Data records Start Marker

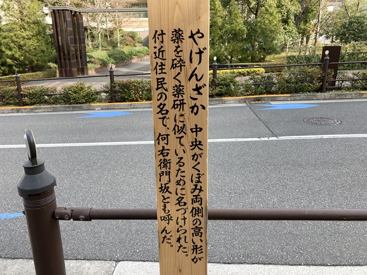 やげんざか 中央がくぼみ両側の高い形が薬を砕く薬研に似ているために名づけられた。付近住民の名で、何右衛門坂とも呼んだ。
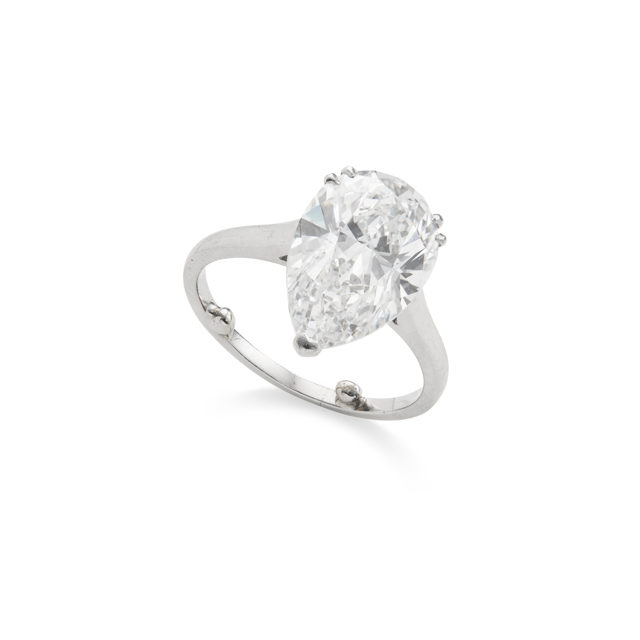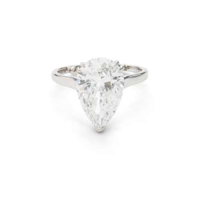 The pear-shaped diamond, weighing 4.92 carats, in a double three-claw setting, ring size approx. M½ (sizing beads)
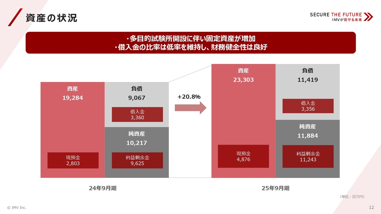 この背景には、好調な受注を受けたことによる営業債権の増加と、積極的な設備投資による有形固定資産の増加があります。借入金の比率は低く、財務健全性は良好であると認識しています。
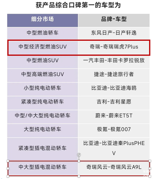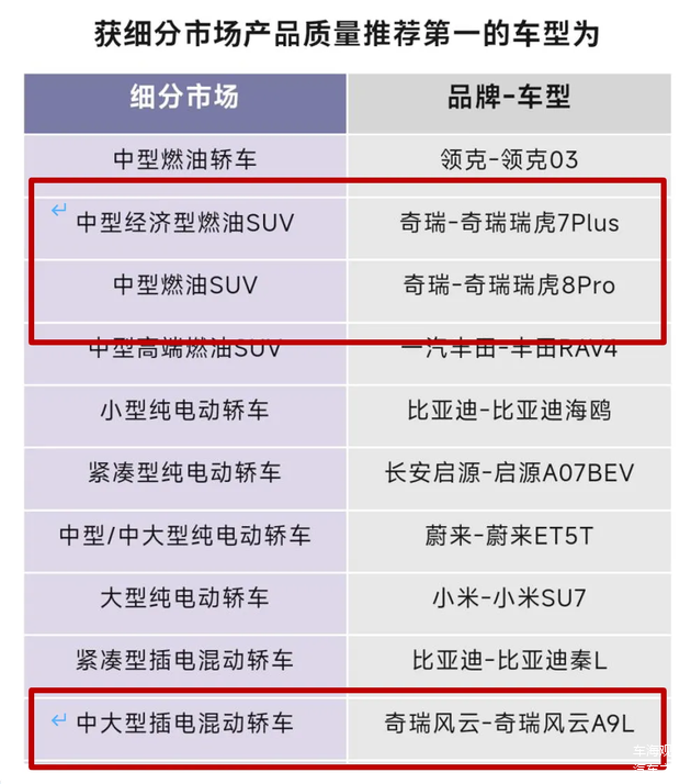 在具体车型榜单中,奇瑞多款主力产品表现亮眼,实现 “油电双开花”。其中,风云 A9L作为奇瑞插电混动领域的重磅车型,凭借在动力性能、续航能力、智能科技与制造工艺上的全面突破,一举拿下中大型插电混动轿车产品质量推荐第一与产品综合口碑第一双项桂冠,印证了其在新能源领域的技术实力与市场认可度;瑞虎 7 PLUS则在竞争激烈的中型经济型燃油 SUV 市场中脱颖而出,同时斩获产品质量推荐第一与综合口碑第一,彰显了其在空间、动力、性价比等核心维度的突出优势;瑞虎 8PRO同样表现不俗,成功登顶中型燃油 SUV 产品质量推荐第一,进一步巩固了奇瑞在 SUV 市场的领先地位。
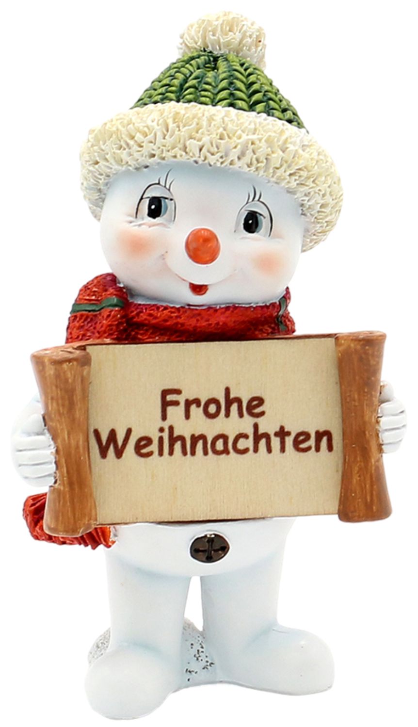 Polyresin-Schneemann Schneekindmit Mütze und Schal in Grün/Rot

Data records End Marker

* Work to be completed *
Could you return each line, unchanged, from the line containing "The pear-shaped diamond, weighing" through the last line of the entries above, leaving out the pictures?

* Response to this task *
 The pear-shaped diamond, weighing 4.92 carats, in a double three-claw setting, ring size approx. M½ (sizing beads)
 この背景には、好調な受注を受けたことによる営業債権の増加と、積極的な設備投資による有形固定資産の増加があります。借入金の比率は低く、財務健全性は良好であると認識しています。
 在具体车型榜单中,奇瑞多款主力产品表现亮眼,实现 “油电双开花”。其中,风云 A9L作为奇瑞插电混动领域的重磅车型,凭借在动力性能、续航能力、智能科技与制造工艺上的全面突破,一举拿下中大型插电混动轿车产品质量推荐第一与产品综合口碑第一双项桂冠,印证了其在新能源领域的技术实力与市场认可度;瑞虎 7 PLUS则在竞争激烈的中型经济型燃油 SUV 市场中脱颖而出,同时斩获产品质量推荐第一与综合口碑第一,彰显了其在空间、动力、性价比等核心维度的突出优势;瑞虎 8PRO同样表现不俗,成功登顶中型燃油 SUV 产品质量推荐第一,进一步巩固了奇瑞在 SUV 市场的领先地位。
 Polyresin-Schneemann Schneekindmit Mütze und Schal in Grün/Rot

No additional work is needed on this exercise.